Une langue venue d'ailleurs

Mizubayashi Akira. Une langue venue d’ailleurs. folio, Editions Gallimard, 2013.

Aborder une nouvelle langue comme on apprend un instrument de musique, en faisant ses gammes. Apprendre le français pour échapper aux discours stéréotypés et, selon l'auteur, vides de sens de l'agitation estudiantine japonaise de la fin des années 1960.

Je vis ce jour-là combien les professeurs français pouvaient être éloquents... Évidemment, je ne comprenais pas tout, loin de là. Mais l'éloquence, une grande éloquence était là, qui me semblait contraster avec le vide abyssal de toutes les harangues « révolutionnaires » dont mes oreilles avaient été rebattues et harassées. C'était quelque chose de nouveau, une dimension nouvelle de la langue qui se révélait à moi.

p. 121


La musique est au cœur de l'œuvre de Mizubayashi : se sensibilité à la diversité des interprétations l'amène à jouer avec les subtilités linguistiques. Aux codes de l'expression musicale, l'auteur préfère l'apprentissage de la langue française qu'il aborde d'abord par une écoute répétée, comme on s'immerge dans l'enregistrement d'un concerto ou d'un opéra.

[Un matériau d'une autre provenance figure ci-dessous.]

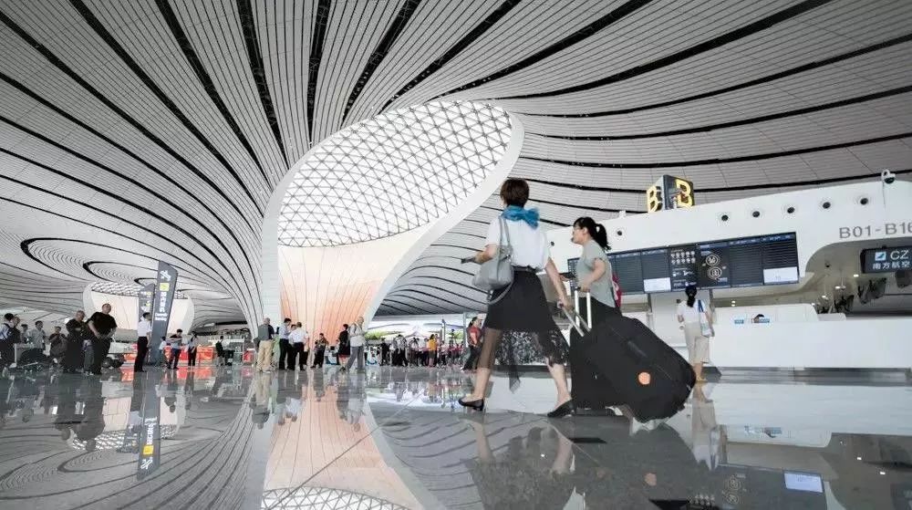 自9月25日通航以来,大兴机场以其形似金色凤凰的世界最大单体航站楼、硬核科技带来的优质服务、世界首次实现“高铁地下穿行机场”等创新点成为了中国面向世界的一张崭新名片,被誉为“新世界七大奇迹”之首。
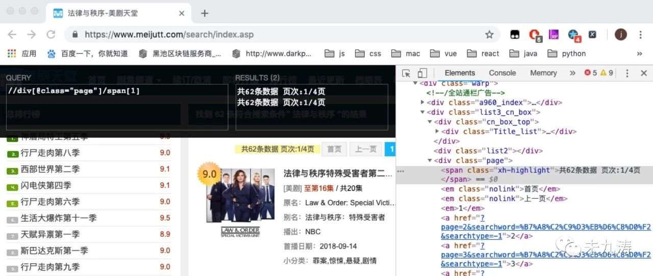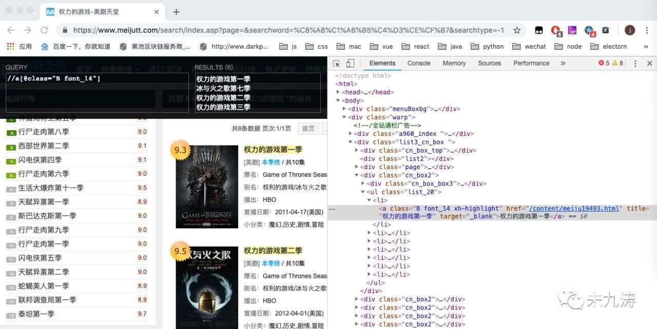 我们通过谷歌的 xpath 插件对页面内的 dom 进行搜索,发现我们要选取的 class 类名。
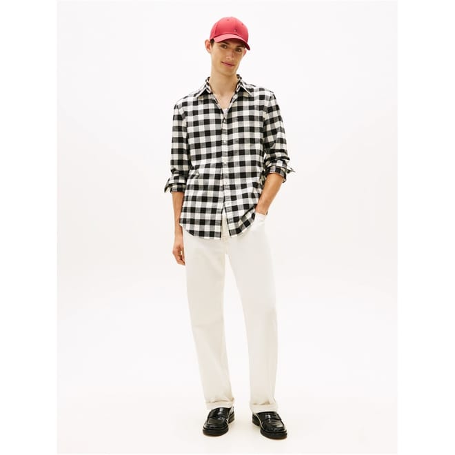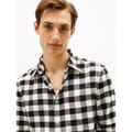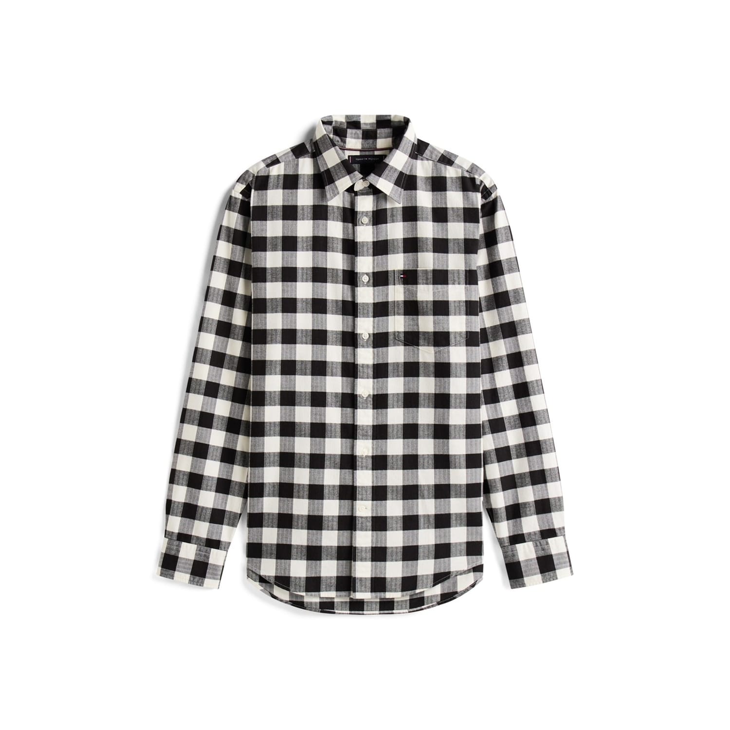 This Tommy Hilfiger top features a stylish checkerboard pattern with a regular fit. The long sleeves are complemented by a shirt collar and barrel cuffs, adding a classic touch. The full button closure enhances its structured look, while a pocket provides practical embellishment. Ideal for those seeking a patterned design with a timeless appeal. -

Saluer des personnes inconnues ? Eh oui, cela est fréquent en France; il suffit de se promener dans les rues de Paris ou de prendre le métro, d'être attentif aux spectacles qui s'offrent çà et là dans les lieux publics. Tandis que dans mon pays, un tel geste, potentiellement créateur de liens, serait perçu comme une violence inacceptable ou tout au moins comme une incongruité suspecte. La vie sociale s'organise de telle manière qu'un individu (pas un groupe constitué comme militants politiques ou syndicalistes...) n'ait pas à s'adresser, autant que faire se peut, à un inconnu, c'est-à-dire à quelqu'un qui n'appartient pas aux mêmes groupes communautaires que lui. Les inconnus sont par définition suspects.

p. 167

Pour acquérir le français il s'est discipliné et a agi avec ténacité, progressant rapidement en profitant de chaque occasion d'approfondir ses connaissances.
Une réflexion sur le statut et les démarches pédagogiques de la langue seconde sous-tend cet essai. Un texte, qui laisse une large place à sa propre expérience, écrit en français comme pour rendre hommage à ses professeurs, mais aussi pour garder vivante les compétences acquises.
Akira-san semble avoir entrepris ces études pour échapper à un mouvement d'émancipation qui, avec une certaine liberté de parole amenait un désordre qui le dérange – Mizubayashi indique souvent réprouver la saleté dans les facultés –. La découverte du français, plus particulièrement de la langue comme outil de communication, lui permet d'explorer l'impact culturel de la langue.
Alors qu'il fuit un milieu en recherche d'une liberté d'expression, il découvre avec l'apprentissage d'une nouvelle langue tout le potentiel de la littérature grâce à l'étude critique des œuvres. Si « le plaisir éprouvé dans la recherche d'une liberté possible au sein même des limitations prescrites par la langue française est incommensurable » (p. 174), c'est bien parce que des enseignants s'autorisaient à briser le carcan d'un savoir en fournissant à leurs étudiants des outils favorisant une pensée autonome.
En séjournant en France l'auteur ne s'ouvre pas seulement à la langue et à la culture française, mais s'autorise aussi à reconsidérer le système de formation japonais privilégiant essentiellement l'accumulation de connaissances. Par ses références constantes à la littérature et à la musique occidentales, Mizubayashi occulte les spécificités culturelles japonaises auxquelles il doit peut-être sa ténacité et le soutien inconditionnel de son père.